Dem verweigern sich die kleinen christlichen Gemeinden und werden verfolgt. Und Johannes bestärkt und tröstet sie darin. In Aufnahme biblischer Traditionen bringt Johannes Gott ins Spiel und lädt ein, mit dem Propheten Jesaja, seinen Lebensdurst dort zu stillen, wo es ein Leben ohne die alles bestimmende Macht des Geldes gibt: im neuen Jerusalem, der neuen Gesellschaft derer, die die Gewaltgeschichte abbrechen lassen. Deren Sieg im Überwinden dieser Geschichte liegt und die deshalb nicht übereinander herrschen müssen, sondern geschwisterlich miteinander leben. Dort ist das wahre Leben zu finden, dort wird der Lebensdurst gestillt, nicht in der verkehrten Wirklichkeit imperialer Macht. Damals und heute.

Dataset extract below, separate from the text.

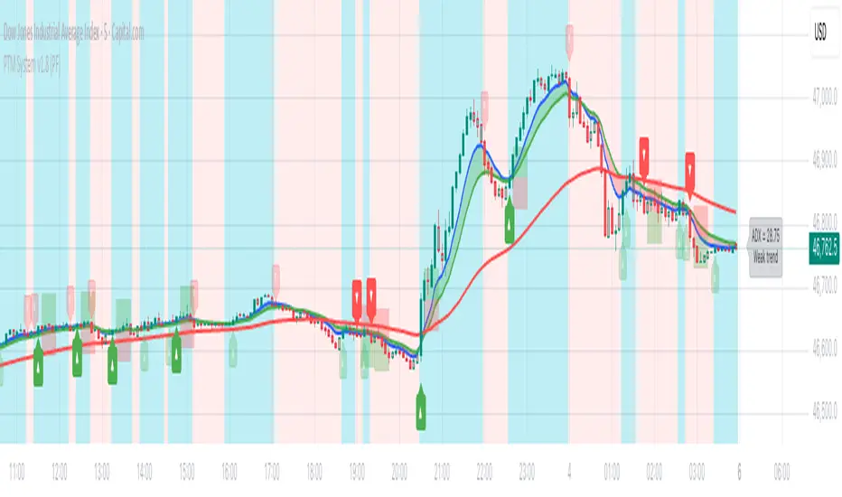 The PTM System Indicator is a powerful and comprehensive technical analysis tool designed to help traders make confident and effective trading decisions. By integrating multiple analysis strategies, the PTM System focuses on identifying clear market trends, filtering out noise, and presenting information in an easy-to-understand format, ensuring you don't miss critical market opportunities.

Dort gibt es Möglichkeiten, den auf Ausplünderung beruhenden Welthandel zu durchbrechen, indem Das Sonntagsläuten faire Waren angeboten werden, die zu fairen Bedingungen produziert werden: Arbeit, von der es sich leben lässt. Und die Möglichkeit sich zu Teilen herauszunehmen aus dem Schuldzusammenhang.
Tore stehen offen
Es gibt geschwisterliche Hilfen in allen Lebenslagen, Menschen, die einander beistehen, ohne die Frage zu stellen: Was bringt es mir ein? Die Vielfalt der Lebensmöglichkeiten wird geschätzt und es gibt keine Normen, an denen Menschen gemessen und aussortiert werden. Im neuen Jerusalem gibt es zwölf Tore und sie stehen offen. Sie stehen für das neu erstandene Zwölf-Stämme-Volk, Zugang zum neuen Jerusalem gibt es also nur als Zugang zu Israel. Gott selber wohnt da. Es braucht keine Gottesmittler, die ganze Stadt ist ein Tempel. Eine Traumwelt? Eher der Versuch eines Ohnmächtigen, anzuschreiben gegen den Triumph der Gewalt, die in vielen Kriegen des Erdteils über Leichen geht. Der Versuch, nicht den Weltmächten das letzte Wort zu lassen, sondern die Geschichte offenzuhalten für den kommenden Gott. Und heute schon zu leben, was seine Zukunft bringt. Wer dürstet nach diesem Traum und ehrlich danach sucht, wo er sich leben lässt, der macht die Erfahrung:
Gott gibt von der Quelle des lebendigen Wassers umsonst.
Keine andere Absicht steht hinter dem Wort der Jahreslosung als diese: den eigenen Lebensdurst ernst zu nehmen und sich mutig auf die Suche zu machen nach der Quelle, die ihn stillen kann. Es gibt sie. Eine Rechnung wird dafür nicht präsentiert, das ist das Versprechen.